24. As pointed out above we have examined the assessment record in order to verify the contention of the learned counsel of the assessee that notice under section 65 was not served in this case on the assessee. A perusal of the record is that the contention of the learned counsel of the assessee is correct. The notice under section 65, dated 29-5-1991 was sent to the assessee on the address of Okara vide No.435, dated 29-5-1991. But it is not indicated whether this notice was sent through the registered post or through U.P.C. or by ordinary mail. The learned D.R. has contended that this notice was sent through registered post, but there is no acknowledgement of service of this notice on the assessee available on the record. It has already been pointed out that hearing was adjourned in this case from 29-5-1995 to 7-6-1995 specifically for examination of the record and the learned D.R. was asked by us to thoroughly go through the record and show us the evidence of service of notice under section 65. On 7-6-1995 again assessment record was examined by us in the presence of the learned counsel of the assessee and the D.R. but there was no evidence for service of notice under section 65 available on the record. Again the learned counsel of the assessee pointed out that this notice under section 65 was sent to the assessee on the address of Okara whereas the assessee had already shifted from Okara to Lahore and the address of the assessee House No.76 Garden Block. New Garden Town, Lahore regarding which these proceedings were started by the I.T.O. was available with the I.T.O. but the notice under section 65 was surprisingly sent to the address of Okara and even that address was not complete. This contention of the learned counsel of the assessee is also correct. The I.T.O. in the reassessment order on last page has indicated that assessee had shifted to Lahore but still he has not taken the precaution to send the notice on the proper address.
25.We were also surprised, to find out that original assessment in this case was completed under S.A.P. but there was no assessment order available in the record. Only I.T.30 dated 6-2-1989 was available on the record but it was not signed. As already pointed out the assessment record was examined in the presence of the learned D.R. and the learned D.R. could not show us from the record any assessment order for the assessment year.

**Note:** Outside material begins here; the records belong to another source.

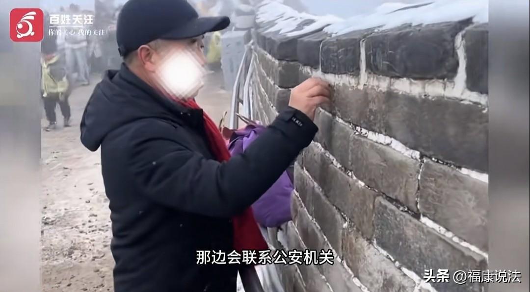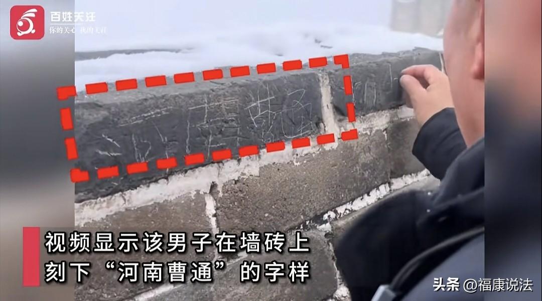 “河南曹通”你火了!北京,一老年男子在八达岭长城墙砖上刻字:河南曹通,等字样,被其他游客偷拍下视频,男子却毫不在意。景区工作人员对此作出回应。网友:一把年纪还做这么不着调的事! 八达岭长城上,一穿黑色羽绒服,脖子上挂着红色围巾,戴着鸭舌帽的老年男子,手里拿着石头在城墙砖上用力的刻着字…… 有游客好奇,上前一看,男子在墙砖上刻的:“河南曹通”等字样。 男子旁若无人的一笔一划的写着,根本没在意周围游客异样的的目光。 游客也不敢上前劝,更不敢吱声,万一这人不讲道理呢?正常谁也不愿意因为这事与其纠缠。 这位老人穿的人模人样的,可做的事情实在不光彩,他一笔一划在城墙,看着黑色光滑的墙砖,被划上一些没必要的字,不仅影响美观,也遭到了一定破坏,真的让人心疼。 有的游客看不下去,因为怕惹麻烦,并不敢上前理论,只是拿手机偷偷把这一幕拍了下来…… 事后,这段视频被传到网上,获得许多网友关注,纷纷表示为什么要毁坏文物? 有人说,长城是文物,乱刻乱画,等于损毁文物,要重罚,罚到倾家荡产。 也有人说,有些人就是想不明白,既便允许你把自己的名字刻上去,刻完了,人走了,后来者,有谁认识你是谁呢。如果有如,李白,苏东坡等那些大家诗人,留与世上诗一首,还算值得,有名无内容,何用之有。 还有人说,“好汉”垂暮,没一点文物保护意识。最好把户籍所在地也写下来,方便查找。 也有人提问,游客都已经发现,为何不立即制止呢?是真心为保护长城,还是静等形成罚款事实? 有人回答,谁敢劝,上去制止可能会被骂,拍视频就是先取证,也警示那些行为不端的人。 3月3日,记者联系八达岭长城景区,工作人员称。会对这种行为进行处罚。 而且,工作人员表示,在进安检的时候都会有广播提示,不允许乱刻乱画,而且,保安也会巡查。 他们会将此事上报给长城管理处,也会报警,对该男子进行处罚。 因为男子在城墙砖上刻下了他的名字,现在都是实名制,找人很容易的。 目前,八达岭长城管理处表示,正介入处理此事。 八达岭长城那可是咱们国家珍贵的文物和名胜古迹,承载着悠久的历史和文化。在长城城墙上刻字,这可不是小事,这是对国家保护文物的故意损坏行为。 《治安管理处罚法》第63条规定:刻划、涂污或者以其他方式故意损坏国家保护的文物、名胜古迹的,处警告或者二百元以下罚款;情节较重的,处五日以上十日以下拘留,并处二百元以上五百元以下罚款。 法律明确规定了这种行为要受到相应的处罚,就是为了保护这些珍贵的遗产,让它们能完好地传承下去。 要是大家都随意在文物上刻字,那这些文物很快就面目全非,咱们后代可就看不到它们原本的样子了。 从情理上讲,这位老人穿得挺体面,却在长城上干这种不文明的事儿,留个名字又能证明什么?他将城砖破坏实在让人觉得惋惜又气愤。 长城是中华民族的象征,是历史的见证,不是某个人可以随意破坏的。 游客们不敢上前劝阻,也是怕惹麻烦,这种心情能理解,但这也反映出大家面对不文明行为时的无奈。 其实,遇到这种情况,咱们可以更勇敢一些,用温和的方式提醒对方,说不定老人只是一时糊涂。 要是大家都沉默,这种不文明行为就会越来越多。 咱们每个人都应该爱护文物,从自己做起,遇到不文明行为也敢于制止,这样才能让这些珍贵的遗产一直传承下去。 你对男子在长城刻字怎么看呢?欢迎留言
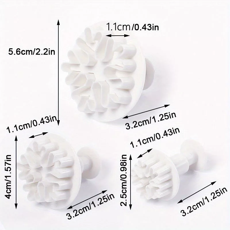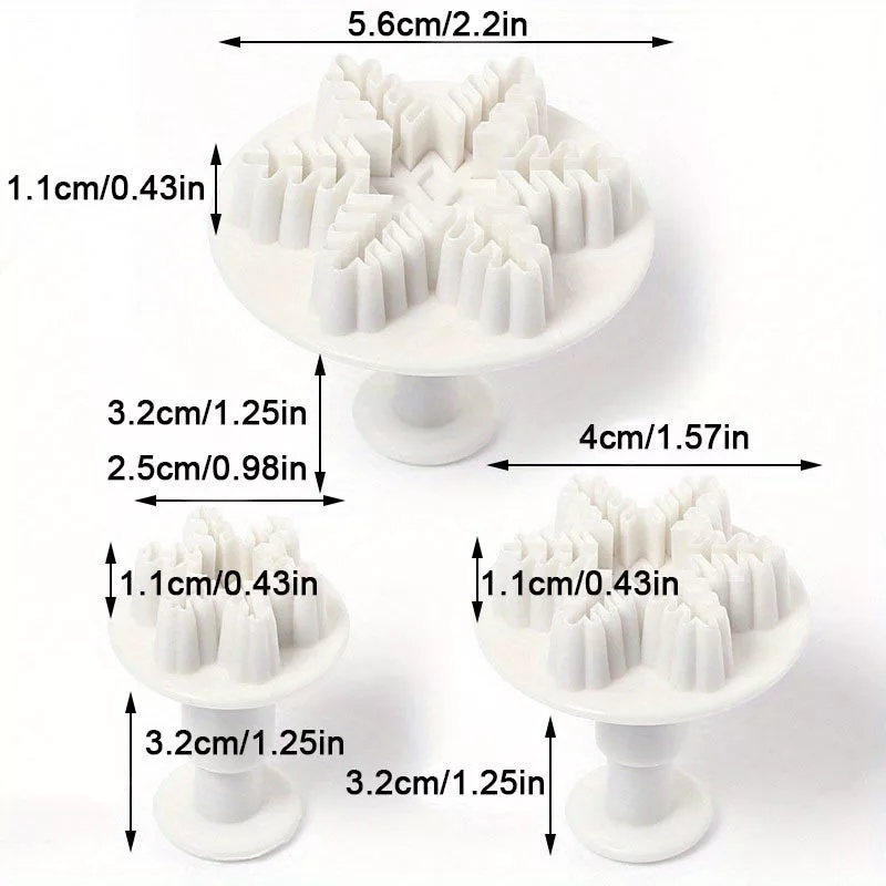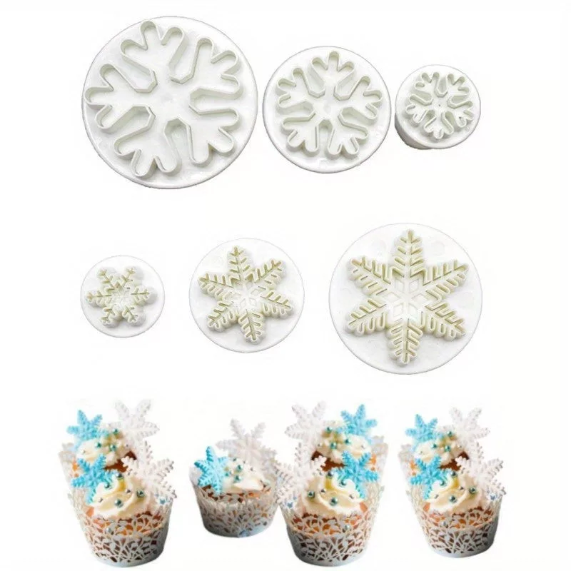 • (Proiectare) Forme în formă de fulg de zăpadă: Cu cele trei tăietoare în formă de fulg de zăpadă, de dimensiuni diferite, poți crea prăjituri variate și unice.
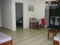 - большая комната с обеденным столом и стульями, двумя диванами, журнальным столиком и телевизором (кажется 2 канала на русском);
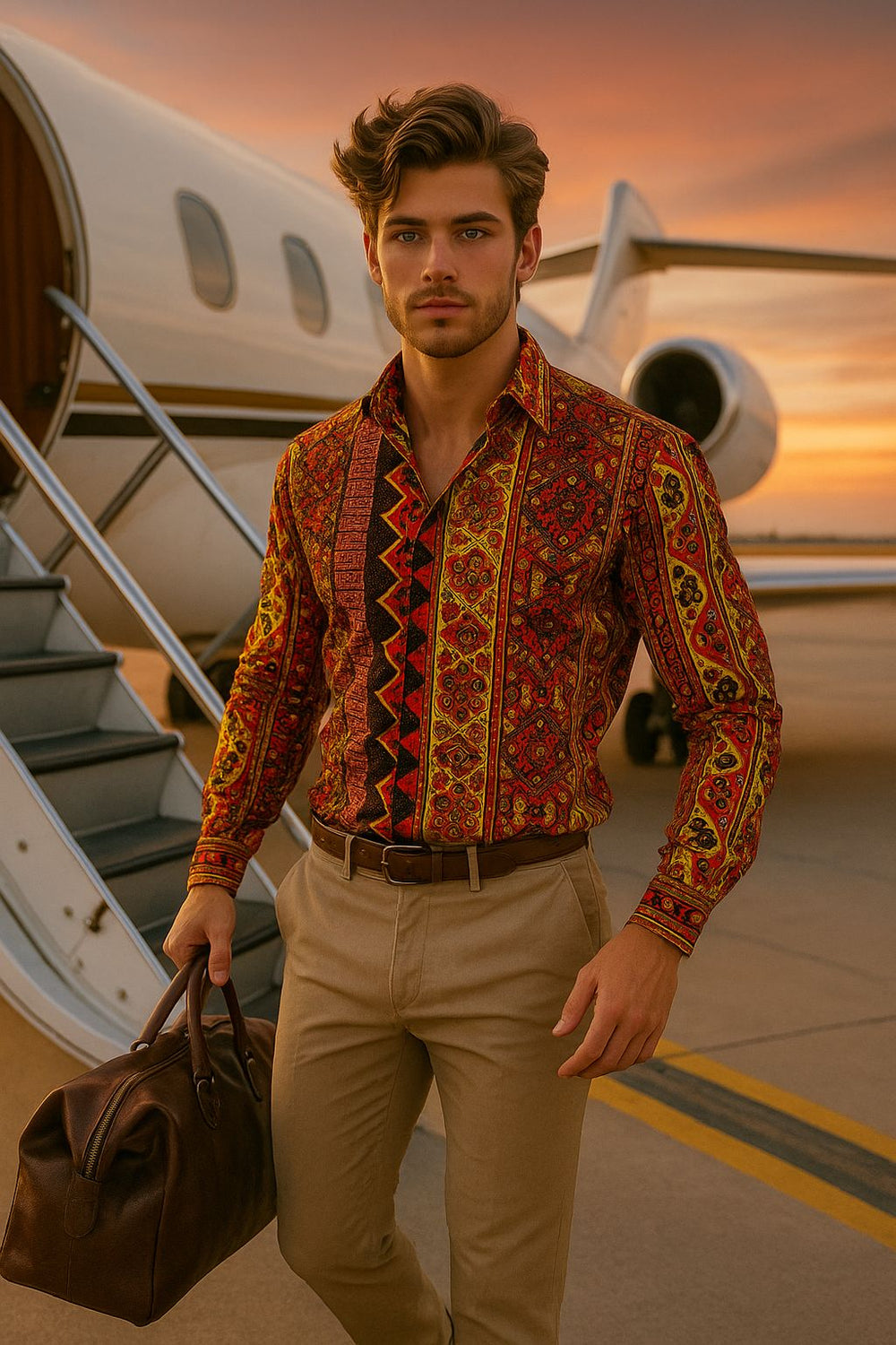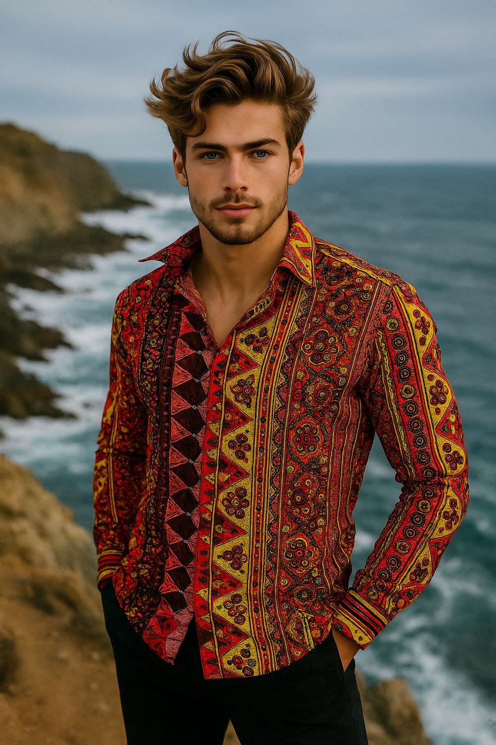 Set your style on fire with this multicolor tribal print shirt for men, designed in a slim fit to make a daring fashion statement. Featuring a striking mix of red, yellow, black, and orange ethnic-inspired patterns, this shirt blends heritage artistry with modern street-style flair.

26. Because of these reasons the reassessment proceedings initiated by the I.T.O. under section 65 of the Income Tax Ordinance, 1979 were ab initio void and illegal for the reason that there was no assessment order and that notice under section 65 was not served on the assessee. Accordingly we cancel the reassessment order in this case for the assessment year 1988-89. Since we have cancelled the assessment order because of the above reasons we need not discuss other contentions made by the learned counsel of the assessee.